At every step along the way, some of those chickens were infected with salmonella, a pathogen that lives in the intestinal tracts of birds and other animals and can easily spread. Invisible, tasteless and odorless, it doesn’t make the chickens sick. But transferred to humans, it can lead to salmonellosis — an infection that causes diarrhea, fever and stomach cramps, and, in severe cases, can spread from the intestines to the bloodstream.
It sickens an estimated 1 million people annually, and is the most commonly reported foodborne illness. The incidence of salmonella infection has remained stubbornly high even as foodborne illnesses have been dropping over the past 15 years. Included among those that have declined is listeria, although that pathogen has been implicated in the current deadly outbreak of infections from cantaloupe traced to a farm in Colorado. More than 70 people in 18 states have gotten ill so far, and at least 15 have died.
A look at how the nation’s food safety system operates in the case of salmonella-infected poultry shows how a combination of industry practices and gaps in government oversight results in a fractured effort that leaves the ultimate responsibility for safe food with the consumer.
The farm
Food safety experts and poultry scientists say that salmonella control must start on the farm, but federal food safety inspectors never set foot there. The Agriculture Department’s Food Safety and Inspection Service lacks the legal authority to test for salmonella on farms or to require farmers to have a food safety plan.
As a result, attempts to prevent salmonella are done voluntarily by farmers or because poultry processing companies ask them to — leading to a patchwork of efforts, some of which work better than others.

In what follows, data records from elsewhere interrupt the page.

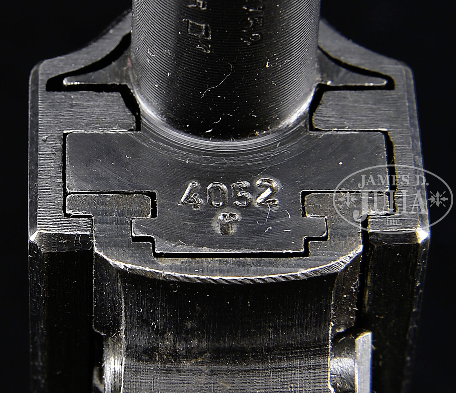 *◊ MAUSER P38 BYF44 SUBVARIATION 2.SN 4052R. 4-7/8″ 9mm bbl with full SN on front and Eagle/WaA135 on left side behind slide. British proofs. “P. 38” followed by “byf/44” and full SN on left slide. Right side of slide has Eagle/WaA135 proofs. Eagle/WaA135 on left side of frame. Exposed extractor and round firing pin. All numbered parts are matching. Brown bakelite serrated grips. P38 marked magazine with “jvc” and Eagle/WaA135 proof. PROVENANCE: Collection of Dr. Geoffrey Sturgess. CONDITION: Excellent. Retaining 95% blue with most wear on front grip strap. Bore is bright and sharp. Grips are excellent with little wear. Magazine is excellent and retains 97% blue. Mechanics are excellent. 4-52639 BWS122 (750-1,250) – Lot 3168
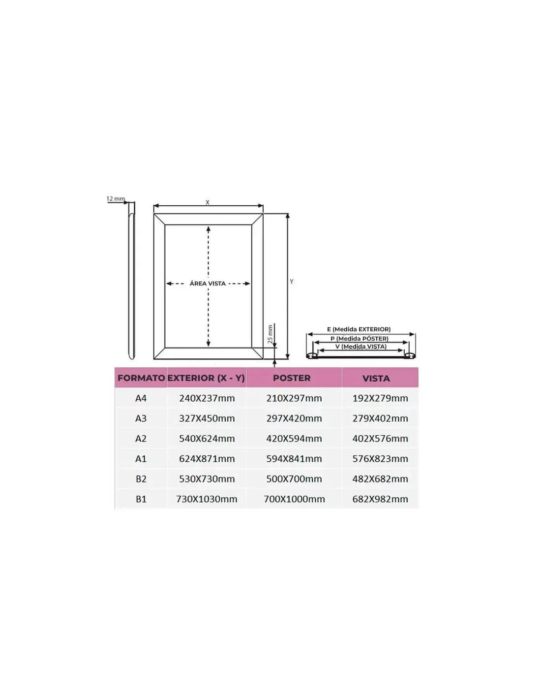BLANCO FRAMEWORK FOR POSTER ABATIBLE METÁLICO 25mm ANCHO SNAP FRAME Δ SCHINES IN INGLETE
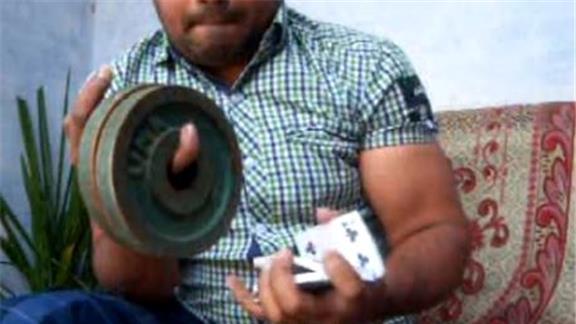 Kamal Aslam performed nine Revolution 2 card cuts in 30 seconds while holding two 5-pound exercise plates on his pinky finger.
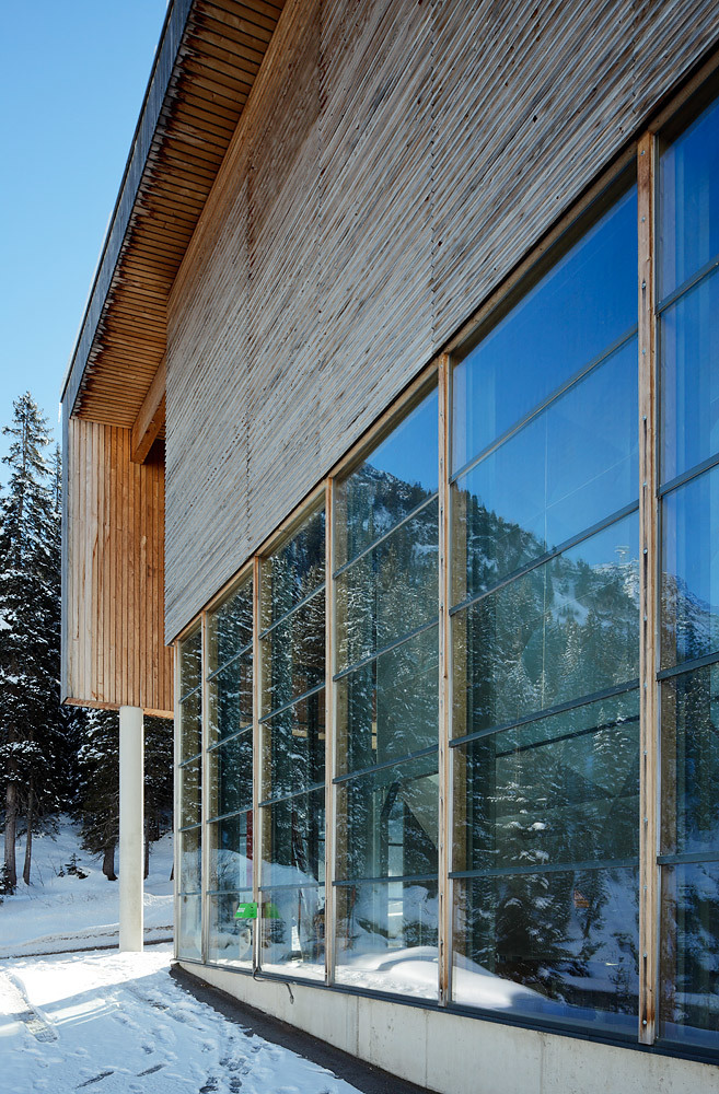 Als Zweckbau vor den Toren von Lech erlebt man das Gebäude meist im Vorbeifahren. Das Biomasseheizwerk schafft es in der „kräftigen Umgebung“ inmitten von Berghängen und -gipfeln eine klare Position einzunehmen. Gleichzeitig lässt die aus der geschwungenen Form des Gebäudes und dem gewölbten Dach entstehende Dynamik das große Volumen der Baumasse in den Hintergrund treten. (Text: Julia Ess)
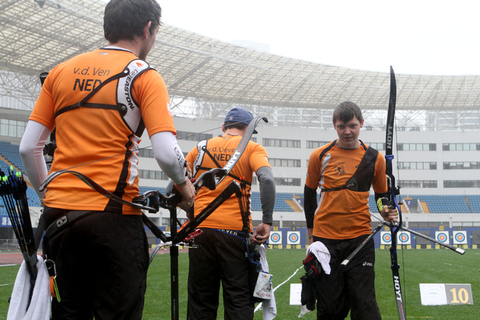 La seule des huit meilleures équipes à ne pas passer les huitièmes de finale a été le Japon, qui s’est incliné 207-221 devant la Malaisie (no 10). Comme prévu, la Corée a tiré le meilleur score de ce tour (226). En quarts de finale, les Coréens ont tiré 224 pour vaincre l’Italie (216). La Chine, no 2, emmenée par le médaillé de bronze olympique DAI Xiaoxang, s’est défaite de la Malaisie avec le deuxième meilleur total (223). Les vice-champions du monde Thomas AUBERT, Gaël PREVOST et Jean-Charles VALLADONT ont tiré 222 pour battre l’Inde, no 4, qui a connu une mauvaise première volée. Un quart de finale à rebondissements à opposé les Pays-Bas (photo), no 3, et les Etats-Unis, no 6. Après une égalité à 55-55, les champions d’Europe ont perdu trois points pour être menés 109-112. Mais une mauvaise troisième volée des Américains (51 points) a réduit l’écart à un point. Les vice-champions olympiques Brady ELLISON et Jake KAMINSKI ainsi que Joe FANCHIN ont été largement battus à la dernière volée (56 contre 59). Victoire 221-219 pour Sjef VAN DEN BERG, Rick VAN DEN OEVER et Rick VAN DER VEN!
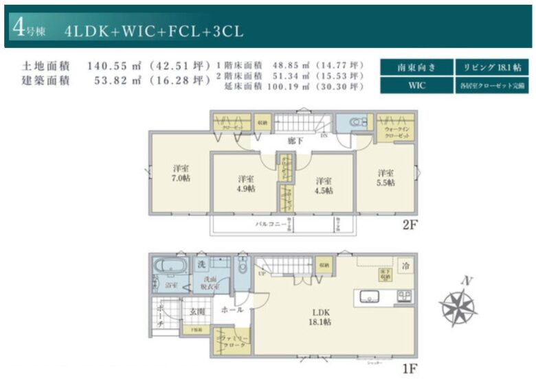 | 土地面積 | 140.55m2公簿 | 建物面積 | 100.19m2 |
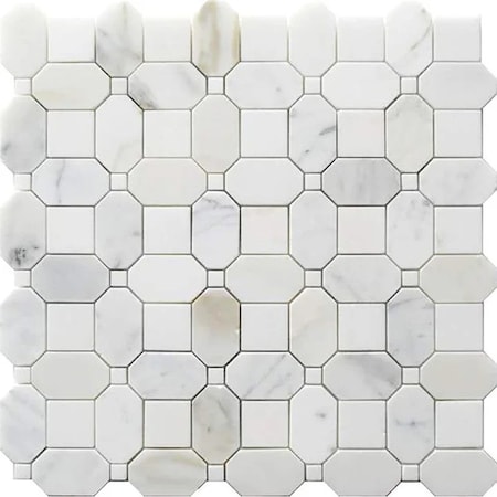 Serena 12x12 White Gray Calacatta Gold, Thassos Mosaic octagon & dot Wall and Floor Tile, 5PK
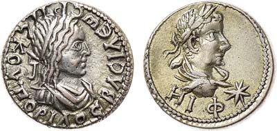 Серебро. 4,15г. Аверс: голова Геракла вправо, в головном уборе из львиной шкуры. Реверс: "AΛEΞANΔPOY" Зевс сидит слева на троне без спинки, правая нога отведена назад, ступни на табурете, орел в вытянутой правой руке, скипетр, упирающийся в землю, в левой; восьмиконечная звезда в левом поле, наконечник копья вверх во внешнем правом поле. Price 1759. XF.
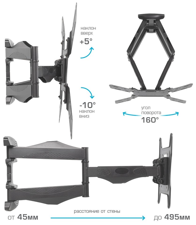 Очень понравился данный кронштейн. Куча регулировок и куча болтов для крепления к телевизору, подробный мануал. Телевизор в 55" надежно повис на стене. Двигается легко и плавно. В отличии от старого - Электриклайта - его можно смело крутить в любую сторону не боясь что где-то что-то открутится.
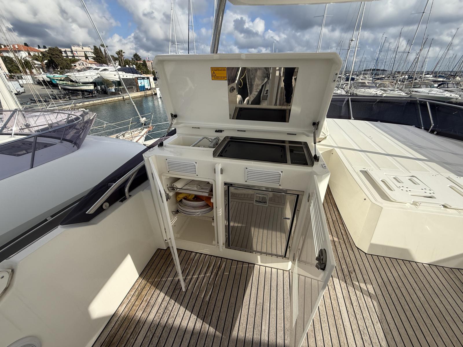 High-End Options: 100L/h desalinator, battery monitoring, remote Ship Control, 4x Lumishore blue underwater lights, deck spotlight/LED stern, fly grill/fridge, cockpit ice maker, flybridge teak floor, Abacos relax bench, fly/cockpit covers.
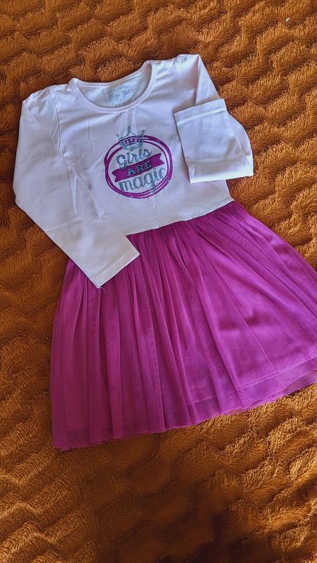 Платье для девочки с юбкой из фатина. Платье из мягкого трикотажа из органического хлопка ткань двунитка. Круглый вырез горловины, манжеты в рубчик на конце рукавов. Длинные рукава, юбка притачная из фатина.
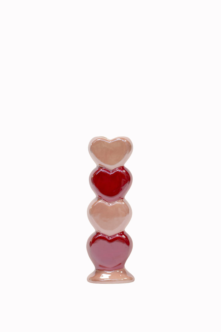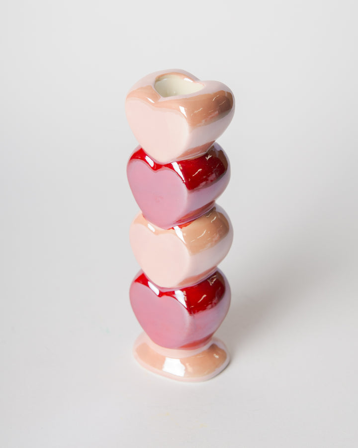 Realizzati in ceramica smaltata, i portacandele Sweet Bloom si distinguono per la loro forma a cuori sovrapposti. Disponibili in combinazioni di colori pop e femminili, accolgono candele stick per creare atmosfere accoglienti e luminose.
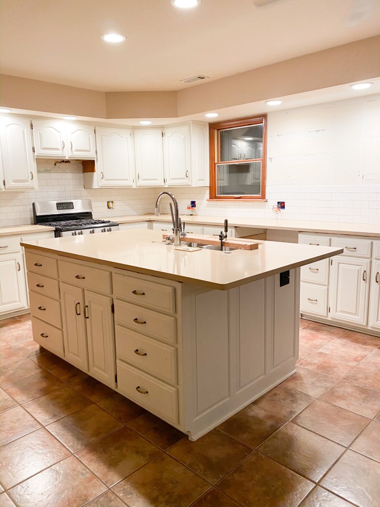 Our countertop installers were scheduled to arrive around 8:30 the morning of the install. We woke up early and made sure that the kids had all eaten and gotten out of the kitchen in order to give the installers plenty of time to work. Five hours later, our install crew arrived. Help me, Rhonda. During that time, Justin removed all the countertops himself, which saved us a little money. This is not our first renovation, so we’re familiar with having to wait on installers and etc. Buuuuuut, I have to say, we’d both forgotten how stressful it is when someone is that late. To complicate things further, the install was scheduled for the same day as our oldest son’s very first homecoming dance. Not only were we trying to get him ready, we’d also invited some of his buddies over after the dance to hang at our house. We would not normally plan to host a group of teenagers on the same day as our countertop install, but that’s the way it worked out this time around and we all learned from it.
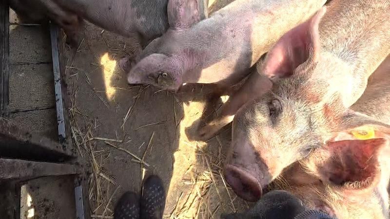 800頭のブタたちが毎日3~5キロのエサを食べるこの牧場。
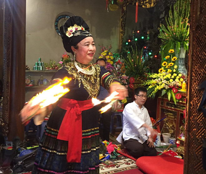 Còn ở tiến trình Lên đồng – Thực hành tín ngưỡng thờ Mẫu Tam Tứ Phủ, khi những thanh đồng, Cô (Cậu) đồng, trong tiếng nhạc lời ca Hát văn – Chầu văn của các Cung văn, trịnh trọng và thoăn thoắt thay đổi các bộ trang phục rực rỡ với 3-4 màu nền: đỏ, trắng, vàng, xanh, tượng trưng/thuộc về các Thiên Phủ, Thoải Phủ, Địa Phủ, Nhạc Phủ, mà múa nhảy để hóa thân thành Tam tòa – Tứ vị Thánh Mẫu, Ngũ vị Quan Lớn, Tứ vị Chầu Bà, các Ông Hoàng Bơ, Hoàng Bảy, Hoàng Mười…, các Cô Đệ Nhất, Cô Đôi, Cô Bơ…, các Cậu Bơ, Cậu Bé…, thì lúc ấy, Tín ngưỡng thờ Mẫu Tam Phủ cũng đã thực tế tích hợp về/kết hợp được với vô số những vùng miền truyền thuyết, lịch sử, văn hóa dân gian… từ thời nguyên thủy, đời Hùng Vương, giai đoạn Lam Sơn khởi nghĩa, ở hết miền rừng xanh Bắc Lệ lại đến vùng sông nước Ninh Giang, của cả đồng bào các dân tộc Nùng, Dao… nữa.
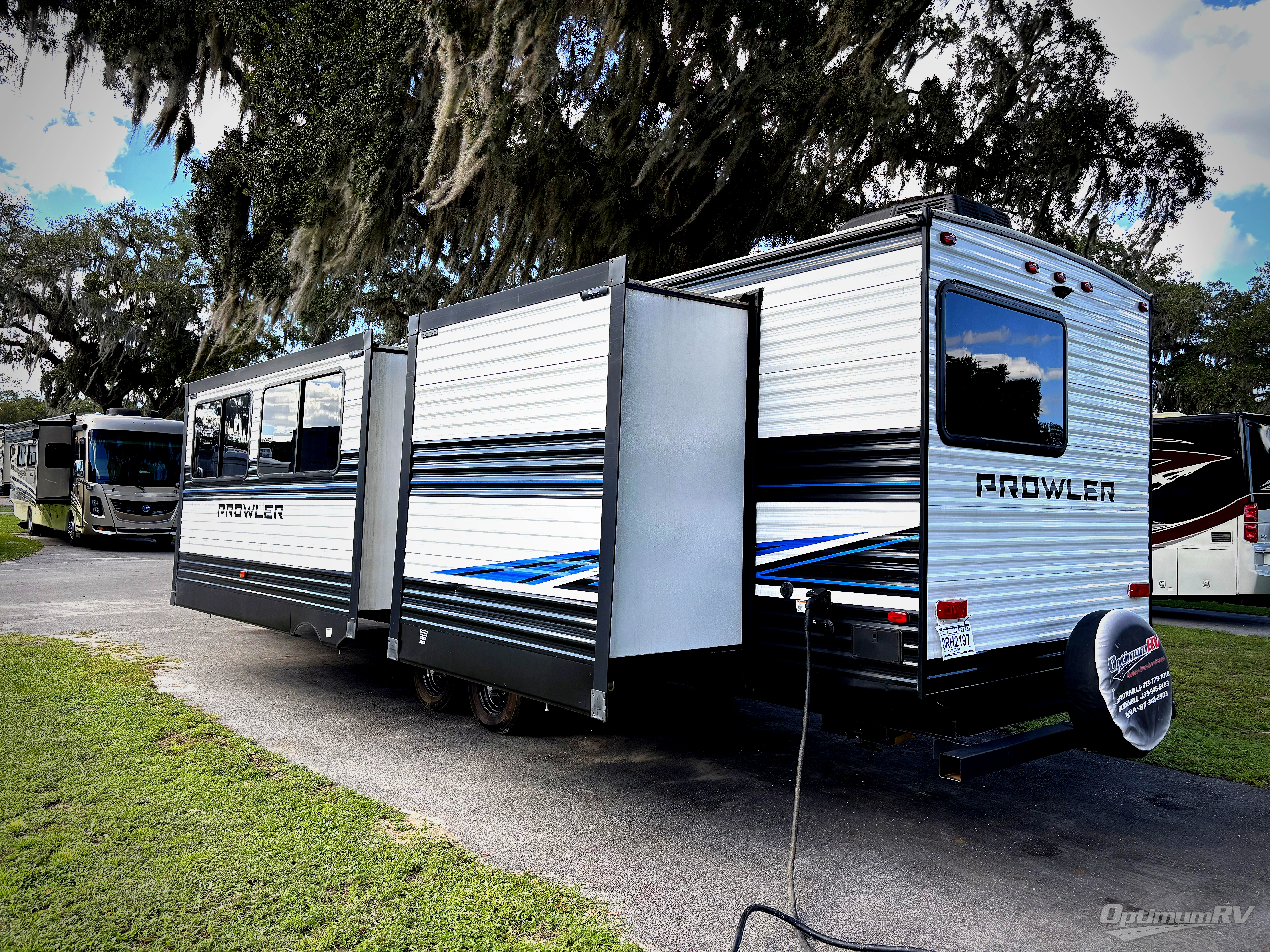 Get ready for comfortable and easy camping with the Prowler travel trailers by Heartland. These models feature durable construction with the performastructure aluminum front wall, the cambered structural steel I-beam frame, and the fully walkable roof. The MEGA bright pass-through storage features 52 cu. ft. of exterior storage with mega sized access doors, LED lights, and a finished interior to keep your gear secure. You'll fall in love with the at-home kitchen the includes Duralast countertops, a residential refrigerator, plus a stainless steel double bowl undermount sink for easy clean-up. These travel trailers also feature panoramic windows, an EZ clean interior, USB charging ports throughout, and many more comforts! Don't let the Prowler travel trailers slip away. Choose your favorite floorplan today!

For instance, vaccinating the hens used in breeding can reduce — but not eliminate — the incidence of salmonella in their offspring, researchers found by testing chickens before slaughter.
While vaccination has been on the rise over the past two years, the practice has not been widely embraced by the poultry industry, largely because of its cost and varied efficacy. Among those breeding operations that do vaccinate their birds, the number of doses given and the strains of salmonella that are targeted vary widely.
Live birds are almost never tested for salmonella. And because the bacteria do not make the birds sick, they show no signs of being infected.
As a result, farmers don’t know whether their chicks have salmonella — and, if they do, how widespread the infection is — or whether their interventions have been effective.
This moves the onus of killing the pathogen later down the line.